With a few exceptions, the field had remained largely fixed in semiarid landscapes in America. "There was this belief that dendrochronology couldn't reliably be done in the Northeast," Cook says. The concern was that the region had too many variables— rain, snow, seasonal extremes of temperature. It was too complex a place to provide a clear picture about any one aspect of climate. But when Cook saw the hemlocks growing on sere exposed rock, he realized that they might tell a story about rain. He learned that the Smiley family who owned Mohonk Preserve had been recording rainfall and temperature since 1896. Depending on the age of the hemlock, he might be able to fact-check the annual rings against the Smiley's data.

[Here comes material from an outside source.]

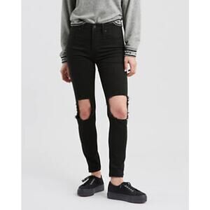 Levi's 721 High Rise Skinny Black Denim Destructed Jeans Women's Size 25 x 30
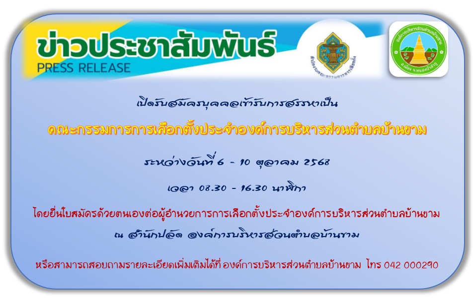 ประชาสัมพันธ์การรับสมัครบุคคลเข้ารับการสรรหาเป็นคณะกรรมการการเลือกตั้งประจำองค์การบริหารส่วนตำบลบ้านขาม |

The hemlock turned out to be more than 300 years old and for the period they overlapped with the family's weather records, they matched. Eastern hemlock showed that decipherable information about rainfall, or not much rainfall, could be found outside semi-arid landscapes. They were one of the few regional tree species able to do this. "I knew that hemlock was potentially the single most important species because it was likely to be the most common old-growth community in existence, left in existence, in the forests in the Northeast," Cook says. Some hemlock had survived waves of colonial deforestation because its soft, light, easily decomposed wood made poor lumber or firewood.

In the 1800s, though, hemlock's thick bark was almost its undoing. In most trees, a corky outer layer of phloem becomes bark. In a beech or other smooth-boled tree, this cork cambium puts on little girth each year and the bark that it replaces dusts away. In rough-barked trees, the corky layer grows wildly and the trees package the growth increases and convolutions. That is why hemlock bark is a mesmerizing world of tectonic folds, of rivulets and ravines that visitors—an ant, a climber—can travel. In the case of hemlock, that profuse growth contains a high concentration of tannins, chemicals produced to stave off herbivores, but that can also render animal skins more water resistant. In the nineteenth century, the American tanning industry expanded and tanneries arose throughout the hemlock's range.

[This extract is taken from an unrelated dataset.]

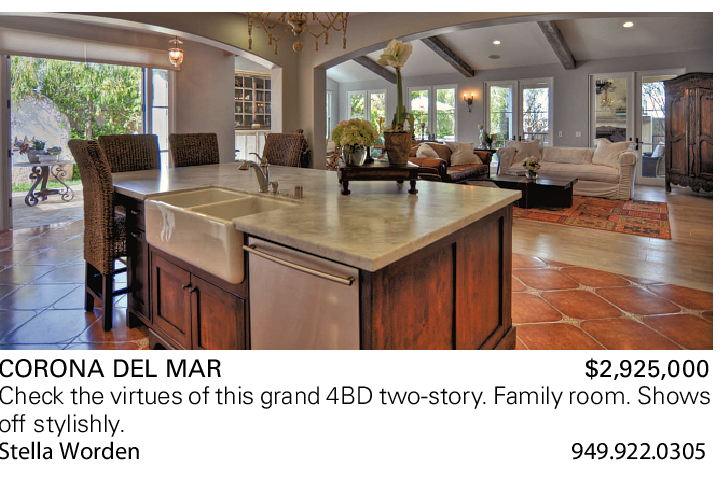 CORONA DEL MAR $2,925,000 Check the virtues of this grand 4BD two-story. Family room. Shows off stylishly. Stella Worden 949.922.0305

In the Catskill Mountains and on the ridges of the Shawangunks alone, an estimated 70 million hemlock were cut, their bark ripped off, their bare trunks left to decay.

Even so, pockets of inaccessible old growth persisted. Cook kept seeking out those stands and, in time, found hemlocks older than those at Mohonk. He read an article describing 500-year-old trees in the Tionesta area of Pennsylvania, so he set out with a friend to find them. The two found plenty of middle-aged hemlocks. They found a forest littered with pipelines from an era of oil exploration. They got lost. Then they happened into a hemlock grove that felt old. Old trees should not be stereotyped: they are not all massively tall, thick, moss draped. They can be small, their age revealed in bent posture and scars, in roots that run close to the surface, like the veins that rise on the backs of our hands as our skin thins with time.

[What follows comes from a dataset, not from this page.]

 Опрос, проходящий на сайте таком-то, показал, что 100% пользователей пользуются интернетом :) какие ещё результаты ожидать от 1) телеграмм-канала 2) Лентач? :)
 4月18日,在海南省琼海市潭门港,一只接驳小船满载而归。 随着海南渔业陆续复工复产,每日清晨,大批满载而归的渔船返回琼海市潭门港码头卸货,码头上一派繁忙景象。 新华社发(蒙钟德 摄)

They took cores from several Tionesta hemlocks, one of which, it turned out, had started growing in 1426. The records kept by the Tionesta hemlock joined those kept by the Mohonk hemlock—and Mohonk pitch pine, white pine, and chestnut oak. Those records were, in turn, joined by those of hemlock from Nova Scotia down to the Carolinas and as far west as Michigan. Hemlock became the backbone, as Cook describes it, of the North American Drought Atlas. The atlas, first published in 2004 and expanded and deepened since, is a database of tens of thousands of tree-ring records that reveal patterns of drought in hundreds of locations and as far back, in some regions, as two millennia. Cook's invention became a reference work for understanding historical drought and it allowed novel interdisciplinary work. Fire ecologists, anthropologists, historians, archaeologists, and modelers, among many others, have used the drought atlas to understand environmental history and cultural shifts as well as to fact-check climate models. Similar atlases have since been made for Europe, for South America, for Australia, for Mexico, for Asia.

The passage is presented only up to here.